Monday, November 6, 2017

Handmade, Holiday, Homicide

Kiki Lowenstein and staff from "The Island of Broken Toys" are back for another go at solving a mystery and teaching crafts. In Handmade, Holiday, Homicide by Joanna Campbell Slan, Kiki and friends are planning their Christmas craft schedule. One class is something called Zentangle and Kiki has to take the class to an off-site location.

Attending the class are two older sisters; one sweet and nice, the other nasty and spiteful. Ester is eagerly awaiting the class, but Eudora is confrontational and disruptive. At the second class Laurel, one of Kiki's instructors is accosted by the security guard Brad Oxdemann, who has been stalking her. He wants to be a police officer, but she filed a complaint about him and that is preventing him from being hired.

When Eudora suddenly clasps at her chest and falls forward, the others try CPR, but by the time the paramedics arrive, she is dead. Everyone including the EMTs who arrive believe it is a death by natural causes.

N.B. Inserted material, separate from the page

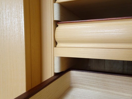 引出しの先組の組手も細かな手組みで伝統工芸士 朋光がコツコツと組み合わせてお作りいたしました。

Kiki discovers most everyone in the class had a motive to kill Eudora and she relates this information
to her Detective fiance. Meanwhile, although she is nearly ready to deliver her new baby, Kiki is dashing around in a flurry of activity. One time she slips and falls on the ice and manages to slide underneath the frame of a car. I had a hard time picturing this and when she deliberately does it again to avoid the murderer, I feared for her life and her unborn child's.

I always loved these books especially the concept of a craft shops with classes, but this last book did not appeal to me. It appears as if the author is deliberately throwing all kinds of oddities into Kiki's life. She is raising her teenage daughter, now she has adopted her fiance's ex-wife's mixed race child (not even his child), her mother-in-law is acting out again and Kiki, herself, seems bent on overdoing everything. Maybe I was a slacker, but when I was nine months pregnant, the last thing I did was traipse around carrying craft supplies and avoiding murderers.

I'd like to see all the complications toned down a little for the next book, but I do not foresee that. Too bad because this was an excellent series in the early books.